FIG. 11 is a table showing an example of standard values of reusable time of parts.

FIG. 12 is a diagram for explaining a procedure for calculating the number of reusable parts.

FIG. 13 is a chart showing an example of man-hour setting of a recycling process based on usage time.

FIG. 14 is a diagram for explaining a procedure for calculating a remanufacturing man-hour required for a recyclable part.

FIG. 15 is a block diagram showing another configuration of the newly procured parts management device.

FIG. 16 is a block diagram showing a system configuration example of an inventory management device of the present invention.

[Explanation of symbols]

100 Market 106 Parts manufacturer 211 Newly procured parts management device 212 Collected products management device 213 Inventory suitability determination module 214 Required parts calculation means 215 Production plan creation device 216 Parts configuration database 315 Newly procured parts management server 316 Newly procured parts management database 317 Newly procured Parts information input interface (I /
F) 401 Newly procured parts table 519 Collected product management server 520 Collected product management database 521 Reusable part information input interface (I
/ F) 522 Usage time information input interface (I / F) 523 Reuse determination module 524 Usage history information input interface (I / F) 525 Reproduction man-hour calculation module 601 Reusable parts table 602 Discarded parts table 1001 Product (collector) ) 1002 magnetic memory 1003 magnetic memory reading device 1201, 1202, 1203 product (collection machine) 1501 parts procurement module 1601 interface 1602 CPU 1603 ROM 1604 RAM 1605 display device 1606 hard disk 1607 keyboard 1608 CD-ROM drive 1609 CD-ROM (storage medium) )

Claims (4)

[Claims] 1. An inventory for inventory management of parts in a recycling production process in which a product used in the market is collected, and the collected product after disassembling the collected product and a newly procured part are combined to assemble the product again. In the management support device, the newly procured parts management means for managing the stock status of newly procured parts, the recovered product management means for managing the information on the recovered products and the recovered parts, and the number of parts required to achieve the production plan.
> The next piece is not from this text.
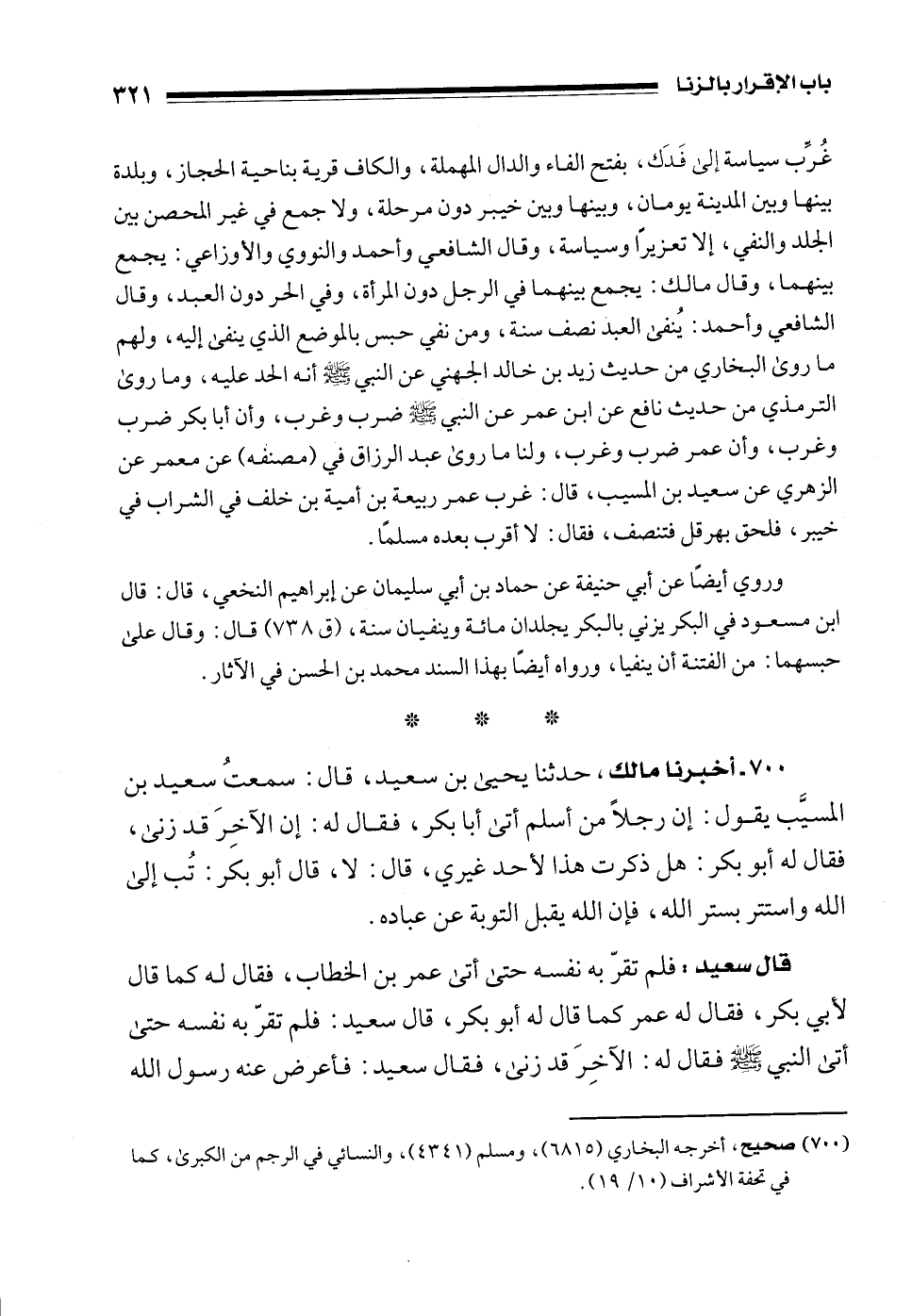 (700) صحيح، أخرجه البخاري (6815)، ومسلم (4341)، والنسائي في الرجم من الكبرى، كما في تحفة الأشراف (10/ 19).

And necessary parts calculating means for calculating the time based on a predetermined production plan and parts database, and information from the recovered product management means, and the quantity of newly procured parts and recovered parts when determining the suitability of the inventory quantity, Inventory management support, characterized by having inventory quantity adequacy determining means for determining the adequacy of inventory quantity based on the quantity of parts required for production planning Location. 2. The collected product management means stores a used time in the market of the collected product and detects the used time, and a reuse part according to the type of the collected part of the product and the used time. A usage time setting means for setting a standard time in a plurality of stages, and a judgment means for comparing the detected usage time of the product in the market with the standard time to determine whether or not reusable parts can be reused. The inventory management support apparatus according to claim 1, further comprising: 3. The collected product management means cleans the collected parts of the product according to type and usage time,
Equipped with each remanufacturing process such as inspection and remanufacturing, and remanufacturing man-hour setting means for setting the man-hour required for each remanufacturing process, and the judging means is necessary for each recovered part based on the usage time of the detected product in the market. The inventory management support apparatus according to any one of claims 1 and 2, wherein a recycling process and a man-hour are determined. 4. The use time is divided into a time range in which it can be determined that it can be used for each type of the recovered parts, a time range in which it can be determined that it cannot be used, and a time range in which the availability cannot be determined only by the use time. It is roughly classified and is used for the judgment of the judgment means.
The inventory management support device described in any one of 3.